* Recorded data:
● ● ● ● ●
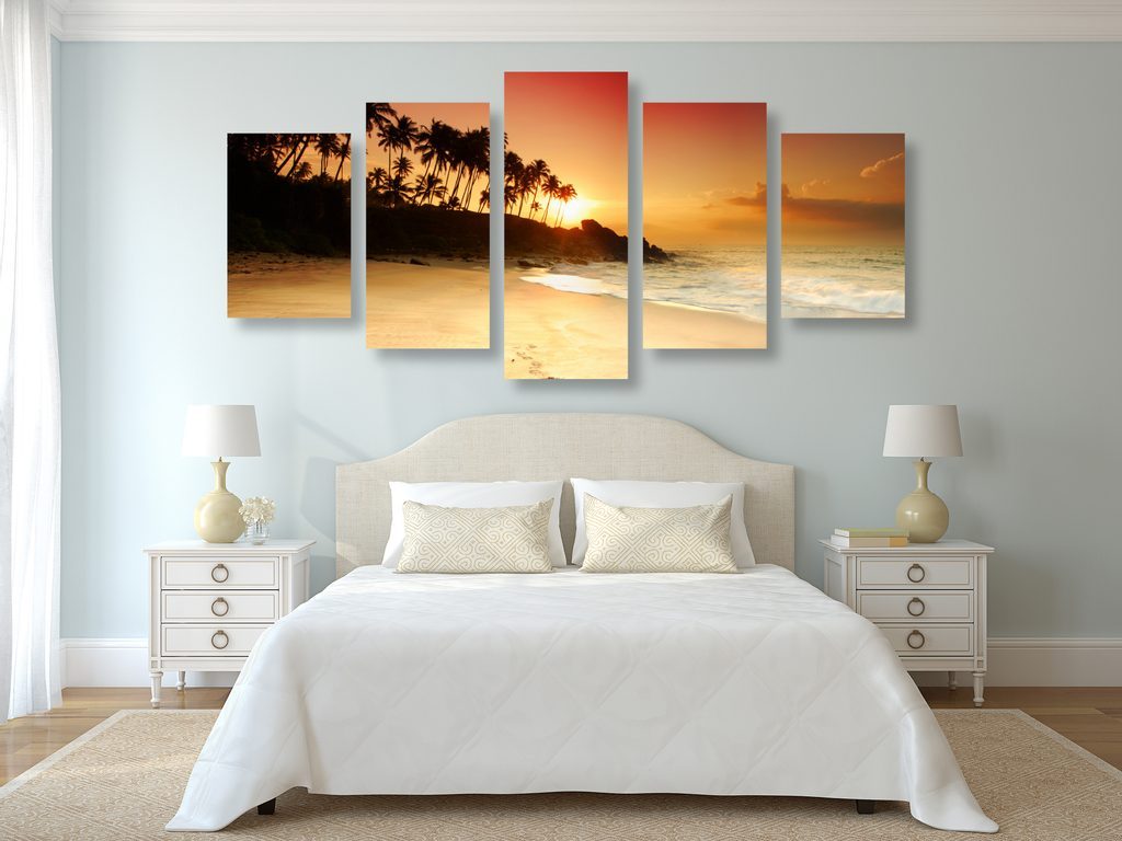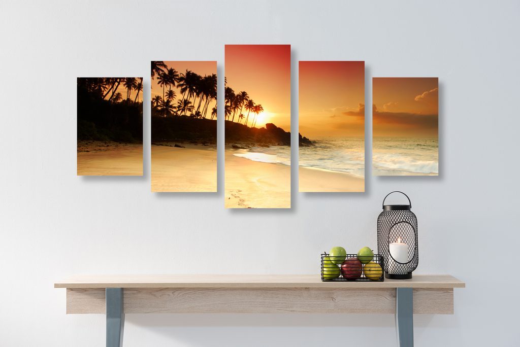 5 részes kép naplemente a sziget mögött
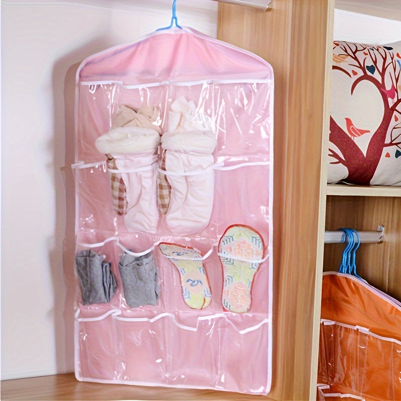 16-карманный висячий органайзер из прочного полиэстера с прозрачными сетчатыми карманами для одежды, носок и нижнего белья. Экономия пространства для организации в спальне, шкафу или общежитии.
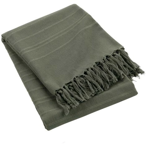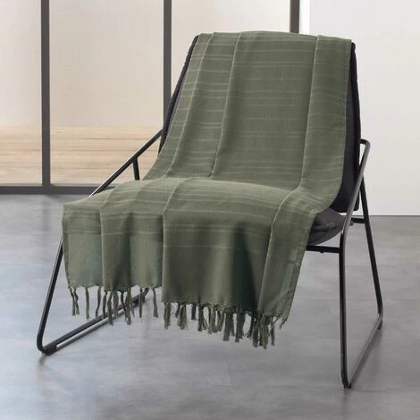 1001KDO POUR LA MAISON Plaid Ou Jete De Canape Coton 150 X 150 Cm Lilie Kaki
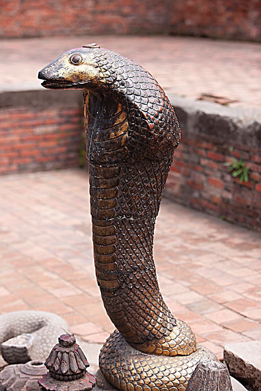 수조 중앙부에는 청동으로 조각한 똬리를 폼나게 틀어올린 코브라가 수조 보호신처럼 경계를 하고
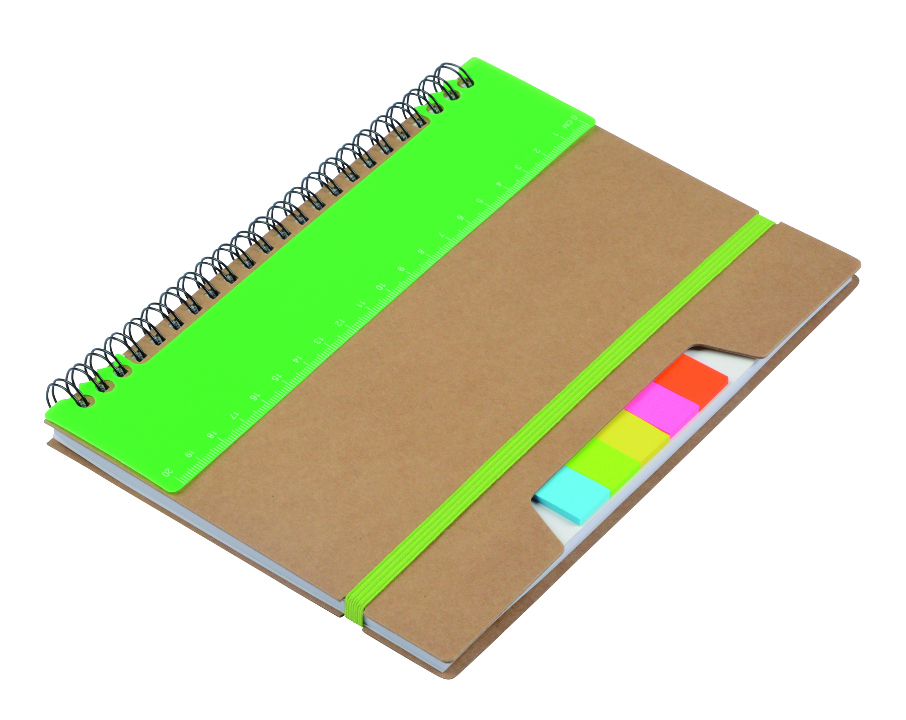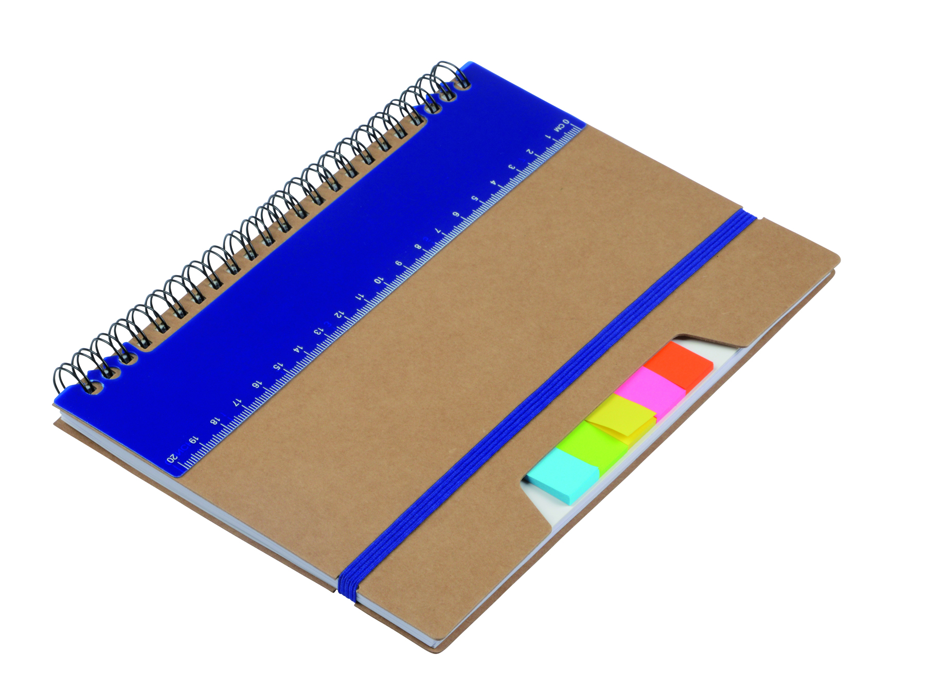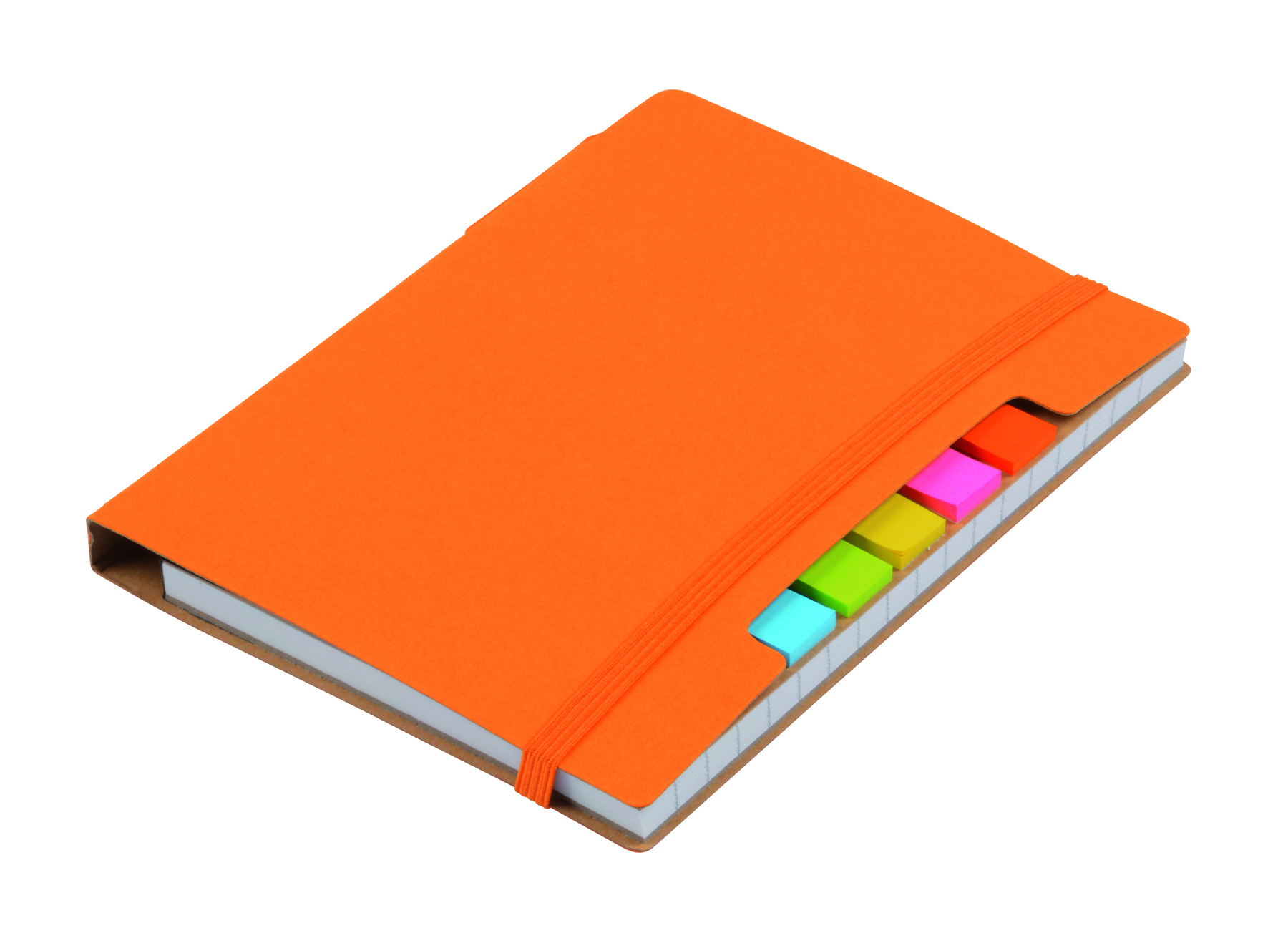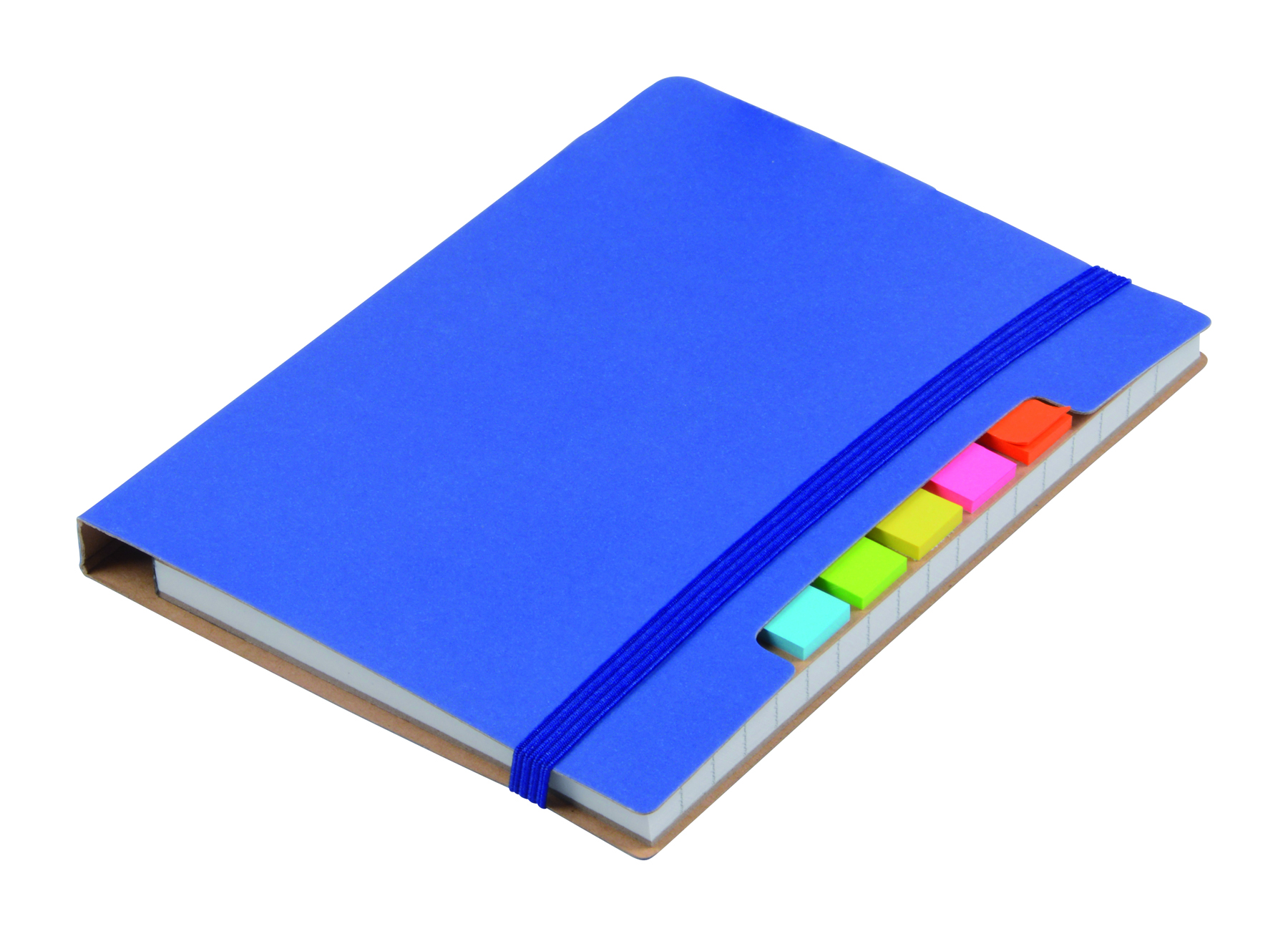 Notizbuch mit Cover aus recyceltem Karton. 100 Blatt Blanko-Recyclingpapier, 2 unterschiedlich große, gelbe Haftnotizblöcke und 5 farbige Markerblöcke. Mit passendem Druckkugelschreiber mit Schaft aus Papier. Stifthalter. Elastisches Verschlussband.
● ● ● ● ●
Retype all the data exactly. Omit pictures.

* Final answer:
 5 részes kép naplemente a sziget mögött
 16-карманный висячий органайзер из прочного полиэстера с прозрачными сетчатыми карманами для одежды, носок и нижнего белья. Экономия пространства для организации в спальне, шкафу или общежитии.
 1001KDO POUR LA MAISON Plaid Ou Jete De Canape Coton 150 X 150 Cm Lilie Kaki
 수조 중앙부에는 청동으로 조각한 똬리를 폼나게 틀어올린 코브라가 수조 보호신처럼 경계를 하고
 Notizbuch mit Cover aus recyceltem Karton. 100 Blatt Blanko-Recyclingpapier, 2 unterschiedlich große, gelbe Haftnotizblöcke und 5 farbige Markerblöcke. Mit passendem Druckkugelschreiber mit Schaft aus Papier. Stifthalter. Elastisches Verschlussband.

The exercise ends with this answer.